Which means, exposing type 1 diabetics to microbes in the BCG vaccine seems to result in the white blood cells using more blood sugar by increasing aerobic glycolysis. 

"BCG is an organism that needs a lot of energy sources. It lives inside white blood cells and elevates the sugar utilization", explained Dr. Faustman in a press release.

The findings support the hygiene hypothesis which suggests that early life exposure to microbes that promote aerobic glycolysis is actually beneficial to the development of the immune system and is an important determinant of sensitivity to autoimmune diseases such as type 1 diabetes. 

"The BGC vaccinations like tuberculosis itself, convert a depressed lymphatic system deficient in sugar utilization into a highly efficient process, a restoration similar to normal subjects without diabetes", said Dr.

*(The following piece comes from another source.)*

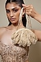 Featuring a beige pouch bag in satin base with fringes, microbeads and pearls hand embroidery. It has a soft suedette lining, an embellished top handle and a long detachable chain. Elevate your stride with timeless elegance and exceptional craftsmanship, perfect for festive occasions or wedding ceremonies.

Faustman. 

"Our discovery that type 1 diabetic patients have too little lymphoid sugar utilization opens the door for more clinical trials using the BCG vaccine, even in advanced type 1 diabetes, to permanently lower blood sugar with the potential to reduce the substantial illness and mortality associated with this disease." 

These researchers note some limitations of this research, including that this is an early, small study, and a large 5-year phase 2 trial of 150 type 1 diabetic subjects approved by the US Food and Drug Administration is currently underway to test whether repeat BCG vaccine can clinically improve type 1 diabetes in adults with existing disease. 

"While this initial data comes from a small study, it is exciting to see a beneficial connection between a vaccine and an autoimmune disease such as Type I Diabetes,” said  Soni Bozeman, PharmD, Clinical Pharmacist, MTM and Immunization Specialist at Brookshire Grocery Company.

“As a clinical pharmacist in a retail setting, I am always looking for new ways to educate the public on the benefits of vaccines," shared Bozeman.

The as-of-yet unpublished insights, set to be presented at the European Association for the Study of Diabetes 2018 Annual Meeting in Berlin, Germany, build upon previous work suggesting that one contributing cause of T1D – an autoimmune disease wherein the body attacks its own insulin-producing cells – may be insufficient exposure to things the immune system is actually meant to target.

No conflicts of interest were disclosed. The media contact is Dr. Denise Faustman.